Description of the task:
From the entries below, reproduce exactly the lines from the one with "เพื่อชิงรางวัล Best Meaningful" through the one with "10月14日,yl7703永", both included, without images.

Material to process:

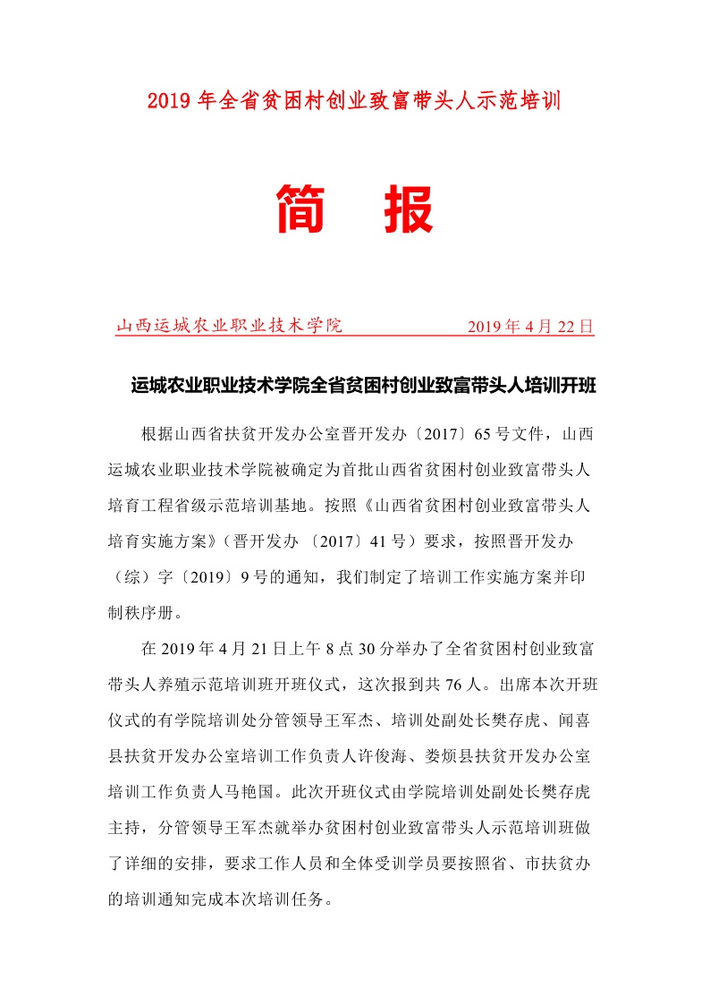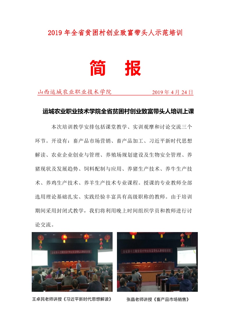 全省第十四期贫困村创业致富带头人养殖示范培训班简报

---

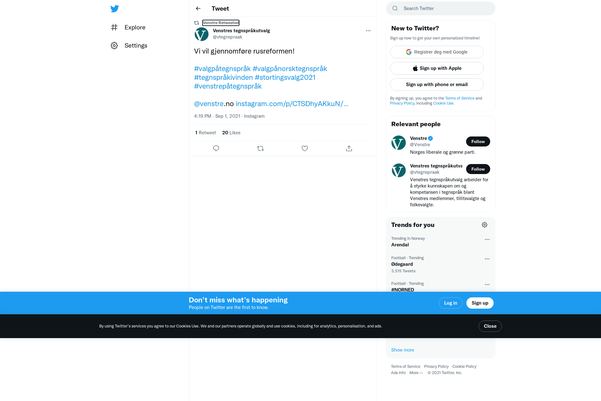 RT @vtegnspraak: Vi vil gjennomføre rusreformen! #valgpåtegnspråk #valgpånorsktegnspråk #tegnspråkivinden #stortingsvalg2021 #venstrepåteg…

...

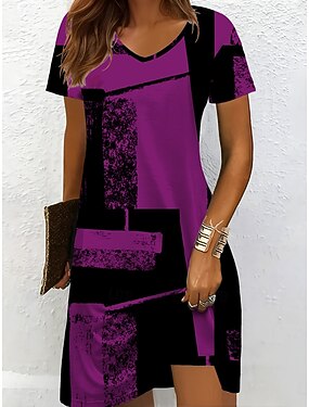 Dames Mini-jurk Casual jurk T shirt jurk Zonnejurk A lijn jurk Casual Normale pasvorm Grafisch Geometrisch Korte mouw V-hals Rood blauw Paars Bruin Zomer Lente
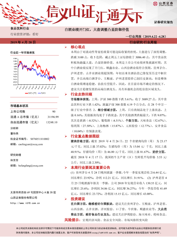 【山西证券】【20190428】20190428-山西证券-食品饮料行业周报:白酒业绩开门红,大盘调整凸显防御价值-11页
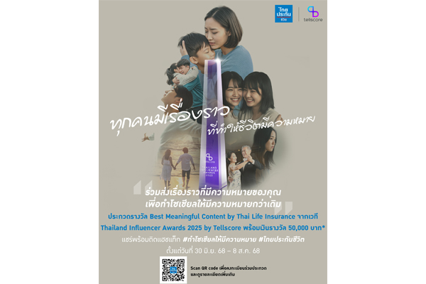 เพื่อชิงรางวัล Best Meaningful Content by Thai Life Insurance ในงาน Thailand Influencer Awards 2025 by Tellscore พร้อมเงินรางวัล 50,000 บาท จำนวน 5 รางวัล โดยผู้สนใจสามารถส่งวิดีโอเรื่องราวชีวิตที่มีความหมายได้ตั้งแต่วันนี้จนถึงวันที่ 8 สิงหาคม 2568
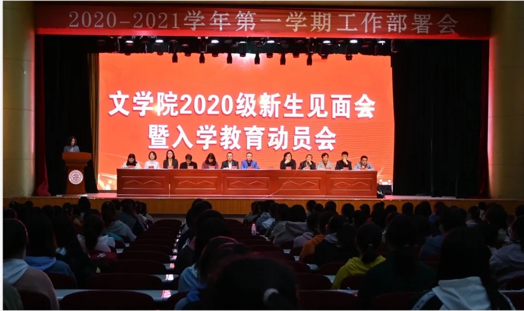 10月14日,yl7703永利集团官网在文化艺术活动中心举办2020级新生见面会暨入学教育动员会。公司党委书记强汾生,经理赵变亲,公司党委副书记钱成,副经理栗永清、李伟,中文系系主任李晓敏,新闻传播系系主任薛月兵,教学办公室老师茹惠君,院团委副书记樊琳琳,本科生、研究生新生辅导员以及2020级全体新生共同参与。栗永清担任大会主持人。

The completed task:
 เพื่อชิงรางวัล Best Meaningful Content by Thai Life Insurance ในงาน Thailand Influencer Awards 2025 by Tellscore พร้อมเงินรางวัล 50,000 บาท จำนวน 5 รางวัล โดยผู้สนใจสามารถส่งวิดีโอเรื่องราวชีวิตที่มีความหมายได้ตั้งแต่วันนี้จนถึงวันที่ 8 สิงหาคม 2568
 10月14日,yl7703永利集团官网在文化艺术活动中心举办2020级新生见面会暨入学教育动员会。公司党委书记强汾生,经理赵变亲,公司党委副书记钱成,副经理栗永清、李伟,中文系系主任李晓敏,新闻传播系系主任薛月兵,教学办公室老师茹惠君,院团委副书记樊琳琳,本科生、研究生新生辅导员以及2020级全体新生共同参与。栗永清担任大会主持人。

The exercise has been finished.